The Engine interface (internal/memory/types.go) is the main entry point:

MethodDescription
Bootstrap(ctx, sessionID)Ensures a conversation record exists for the session
Ingest(ctx, sessionID, msg)Persists a single ai.Message and appends a context item
IngestBatch(ctx, sessionID, msgs)Persists multiple messages in a single transaction
Assemble(ctx, sessionID, budget, freshTail)Builds context within token budget, returns []ai.Message
Compact(ctx, sessionID, mode)Runs compaction passes (leaf + condensation)
NeedsCompaction(ctx, sessionID, threshold)Checks if context tokens exceed the absolute threshold
Retrieval()Returns the RetrievalEngine for search/explore tools
Close()Releases database resources

Engine options: WithFreshTail(n), WithLogger(log).

Database

  • Location: ~/.anna/workspace/memory.db
  • Driver: modernc.org/sqlite (pure Go, no CGO)
  • Mode: WAL (concurrent reads during writes), foreign keys enabled
  • Migrations: Atlas-generated SQL files in internal/db/migrations/, embedded via MigrationsFS and applied on db.OpenDB(). Applied versions are tracked in a schema_migrations table.

Schema change workflow:

# 1. Edit schema source files
vim internal/db/schemas/tables/conversations.sql

# 2. Generate migration
mise run atlas:diff -- add_column_name

# 3. Regenerate sqlc
mise run generate

# 4. Runtime auto-applies pending migrations on OpenDB()

Schema:

TablePurpose
conversationsOne per session (session_idid mapping)
messagesRaw messages with role, content, token_count, sequential seq
summariesSummary nodes: kind (leaf/condensed), depth, content, token stats, time range
context_itemsOrdered context window: each item points to either a message_id or summary_id
summary_messagesLinks leaf summaries to their source messages (preserves lineage)
summary_parentsLinks condensed summaries to their parent summaries (DAG edges)
message_partsStructured message parts (text, reasoning, tool) for future use

Compaction

Compaction reduces the context window by summarizing older messages and summaries.

Modes:

ModeBehavior
CompactionIncrementalSingle leaf pass + one condensed pass. Runs automatically when context exceeds threshold.
CompactionFullRepeats leaf + condensed passes until no more compaction is possible (up to 10 iterations).

Passes:

  1. Leaf pass — Finds contiguous runs of message context items outside the fresh tail. Groups of ≥ DefaultLeafChunkSize (10) messages are summarized into a leaf summary (depth 0). The message context items are replaced by a single summary context item.

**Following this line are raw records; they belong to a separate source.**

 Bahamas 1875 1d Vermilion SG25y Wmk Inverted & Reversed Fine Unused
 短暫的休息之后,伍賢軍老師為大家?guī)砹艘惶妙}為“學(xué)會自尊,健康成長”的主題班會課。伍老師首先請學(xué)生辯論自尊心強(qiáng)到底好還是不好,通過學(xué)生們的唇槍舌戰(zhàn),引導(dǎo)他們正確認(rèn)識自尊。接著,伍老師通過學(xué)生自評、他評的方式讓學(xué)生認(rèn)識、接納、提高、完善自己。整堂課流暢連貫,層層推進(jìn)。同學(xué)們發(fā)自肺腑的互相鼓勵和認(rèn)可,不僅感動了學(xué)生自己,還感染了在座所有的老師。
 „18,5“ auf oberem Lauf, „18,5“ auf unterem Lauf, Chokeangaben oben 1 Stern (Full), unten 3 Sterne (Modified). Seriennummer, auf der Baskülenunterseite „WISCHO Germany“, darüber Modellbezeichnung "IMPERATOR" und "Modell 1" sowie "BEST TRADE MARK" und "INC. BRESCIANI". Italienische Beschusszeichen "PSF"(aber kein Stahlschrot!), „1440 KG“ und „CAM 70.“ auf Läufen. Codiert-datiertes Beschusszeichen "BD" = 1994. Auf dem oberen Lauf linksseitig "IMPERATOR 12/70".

  2. Condensed pass — Finds contiguous runs of summary context items at the same depth. Groups of ≥ 2 summaries are condensed into a condensed summary at depth+1. Uses a summary cache from the prefetch to avoid redundant queries.

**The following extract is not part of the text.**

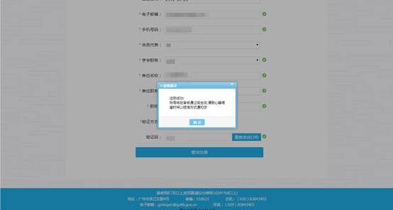 审核通过后将收到“尊敬的***,您的个人用户申请已通过,欢迎您使用广州市图书馆学会会员管理系统!”的短信及邮件,表示已注册成功。
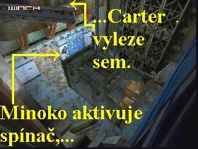 hlídač, projde posledními dveřmi, rychle se přepněte na Cartera (ten jediný

Both passes run within the runPasses helper, which fetches context items once and re-fetches only between passes when mutations occur.

Summarization escalation (internal/memory/summarize.go):

The LLMSummarizer implements a three-tier escalation strategy:

  1. Normal mode — Preserves key decisions, rationale, constraints, active tasks. Target: input_tokens/3.
  2. Aggressive mode — Keeps only durable facts and current task state. Triggered when normal mode exceeds 150% of target.
  3. Deterministic fallback — Truncates to target at a sentence/line boundary. Triggered when aggressive mode still exceeds 150%.

Leaf summaries target 1/3 of source tokens. Condensed summaries target 1/2 (less aggressive to preserve detail).

Context Assembly

The Assembler builds the context window for each LLM call (internal/memory/assembler.go):

  1. Separate context items into fresh tail (last N message items, default 20) and older items.
  2. Resolve fresh tail items to ai.Messages — these are always included regardless of budget.
  3. Fill remaining budget with older items, newest first. Each item is resolved and its tokens estimated. Items that would exceed the budget are excluded.
  4. Return older events (chronological order) + tail events.

Summary XML format (injected as synthetic user messages):

<summary id="sum_abc123" kind="leaf" depth="0" earliest_at="..." latest_at="...">
  <parents>
    <summary_ref id="sum_parent1" />
  </parents>
  <content>
    Summary text here...
  </content>
</summary>

Token estimation: (len(text) + 3) / 4 (~4 chars per token).

Retrieval Tools

Three tools in internal/memory/tool/ provide read access to compacted history:

ToolPurposeKey Parameters
memory_grepSearch messages and summaries by substring patternpattern (required), scope (messages/summaries/both), limit (default 20)
memory_describeInspect a summary's metadata, content, and lineage (parents/children)summary_id
memory_expandDrill into a summary: returns source messages (leaf) or child summaries (condensed)summary_id, token_cap (default 4000)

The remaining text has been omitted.